The non-governmental organizations Human Rights Fund, Youth Initiative for Human Rights and Women in Black organized yesterday a street campaign in Belgrade in memory of the kidnapping in Štrpci that took place in February 1993.
The campaign was symbolically organized at 3:48 p.m., at the same time when the train, out of which 20 people were taken and later murdered, stopped 23 years ago.
Nataša Kandić, founder and former director of the Human Rights Fund, said that the gathering was dedicated to the memory of the people who were passengers in the train which stopped in Štrpci and out of which those people were taken and are unaccounted ever since.
“There are many data, many facts, many evidence to shed light on the crime committed in Štrpci, the war crime, and to make Serbia start remembering what happened so that situations which we encountered with today never happen again, that people walk by and say: ‘Look at these fools, they are standing here because of some killed Muslims’,” Kandić said.

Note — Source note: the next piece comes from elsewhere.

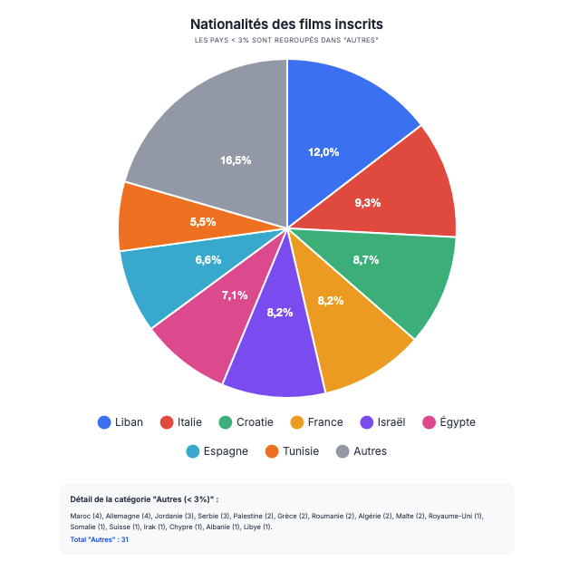 Les films reçus reflètent une grande diversité de regards et d’approches avec des récits ancrés dans des réalités contemporaines méditerranéennes, mêlant dimensions intimes et enjeux collectifs. Fiction, documentaire, animation et formats hybrides coexistent et témoignent d’une créativité en constante évolution.

Kandić expressed confidence that one day “people will stop at 3:48, that a large number of people will know that they should stop then and that an hour later something happened that does not happen in a normal country”.

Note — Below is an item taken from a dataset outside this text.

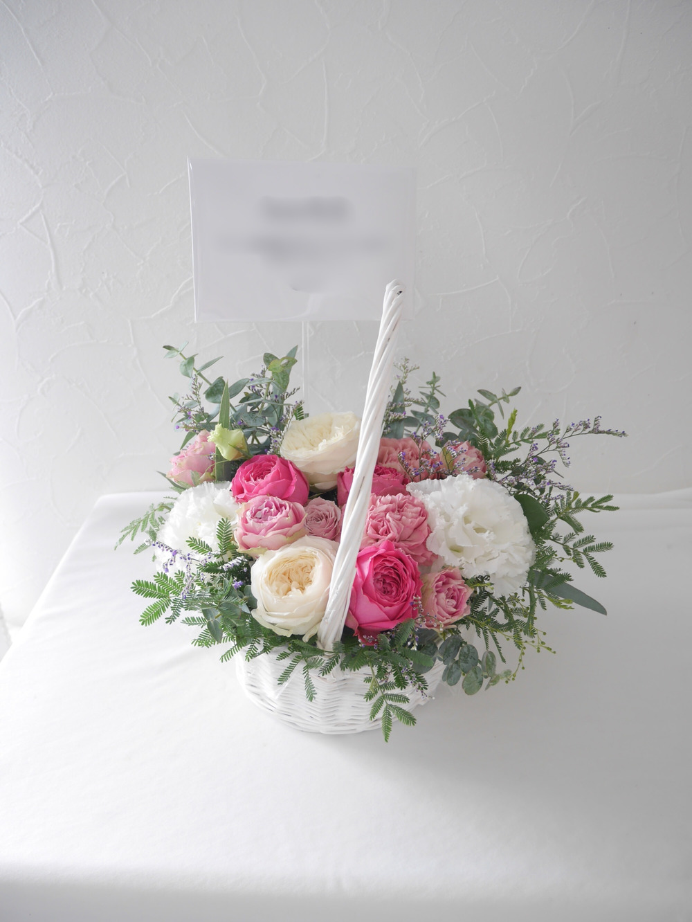 爽やかな白の取っ手付きのカゴにお花を敷き詰めたフラワーバスケットです。カゴいっぱいに摘んだお花入れたようなナチュラルなデザインに仕上げました。開店祝いや各種お祝いの贈り物としてもおすすめです。空間を明るく彩り、受け取る方へのお祝いの気持ちを、やさしく届けてくれます。

Kandić said that this gathering is dedicated to the future as well, to the remembrance of that day and to keep in mind that the state has done nothing for full 23 years.

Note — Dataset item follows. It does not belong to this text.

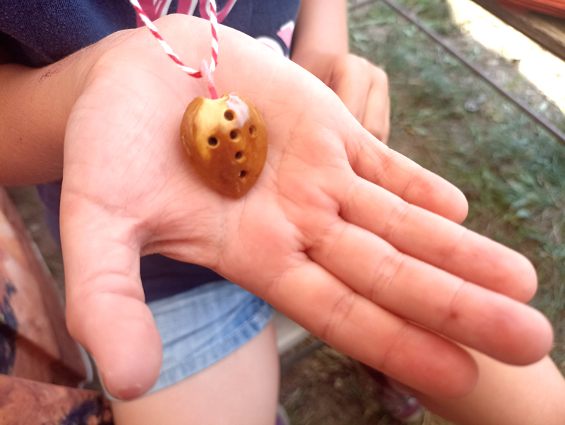 „Kým som prívesky opracoval brúsením a zdobením, celkom som si zničil prsty aj nechty, lebo marhuľovú kôstku najlepšie udržíte prstami,“ smial sa spokojný Pišta. Tak ho volajú všetci hudobníci aj priatelia a rodinní známi. Jeho žienka šikovne prevliekala cez okrúhle očko marhuľového talizmanu šnúrky a viazala ich na primeranú dĺžku približne podľa veľkosti chlapca či dievčaťa.
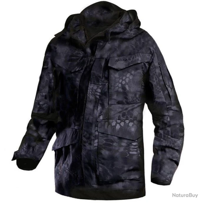 Informations additionnelles : Poignets ajustables par scratch, manches longues avec velcro, veste parka militaire style M-65 étanche

Nebojša Ranisavljević is the only person sentenced for the crime in Štrpci. In the trial procedure led against him before the High Court in Bijelo Polje, it was stated that a group of members of the Višegrad brigade, led by Milan Lukić, forcibly stopped the train at the station in Štrpci and took out 18 Bosniaks passengers, one Croat passenger and one unidentified person who were then taken to the premises of the elementary school in Prelovo near Višegrad. Remains of four victims have been found until today.